In a filing with the SEC, Baxter International disclosed that it may have overstated its income over multiple years, inflating it by about $276 million in total.
Following an internal audit and probe into its accounting measures, the medtech manufacturer said it found reporting discrepancies from 2016 through the first half of 2019—including by as much as $117 million in 2017, or 9.6% of the $1.217 billion in operational income before taxes the company reported that year.
Baxter estimated that other years saw misstatements totaling $40 million in 2016, $77 million in 2018 and $42 million for 2019’s first two quarters. The company said it plans to file revised and corrected annual and quarterly financial statements to the SEC no later than March 31.
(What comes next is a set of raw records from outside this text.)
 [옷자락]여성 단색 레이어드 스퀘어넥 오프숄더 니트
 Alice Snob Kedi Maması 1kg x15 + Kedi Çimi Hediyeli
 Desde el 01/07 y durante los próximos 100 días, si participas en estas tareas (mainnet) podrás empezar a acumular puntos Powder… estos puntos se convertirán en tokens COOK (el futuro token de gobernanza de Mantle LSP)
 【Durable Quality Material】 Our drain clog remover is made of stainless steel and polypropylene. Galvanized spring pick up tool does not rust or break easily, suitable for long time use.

The problem stemmed from intra-company transactions made under a “previous exchange rate convention to generate non-operating foreign exchange gains and avoid losses,” the company said, and that the “longstanding” approach had taken place for at least 10 years.
Baxter described the convention as not consistent with U.S. Generally Accepted Accounting Principles, or GAAP. The company’s stock price dipped by about 2% over the three-day Presidents Day weekend, after the news broke.
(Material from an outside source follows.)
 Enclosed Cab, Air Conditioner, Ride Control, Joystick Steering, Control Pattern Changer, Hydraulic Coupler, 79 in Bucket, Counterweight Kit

The investigation was first launched and made public in October of last year, in consultation with the accounting firm PricewaterhouseCoopers and the audit committee of Baxter’s board of directors.
In its filing, Baxter stated that certain consolidated financial statements and “the related audit and interim review reports of PwC should no longer be relied upon because of misstatements to the Company’s previously reported foreign exchange gains and losses.”
The company also said it believes its internal investigation is now “substantially complete.”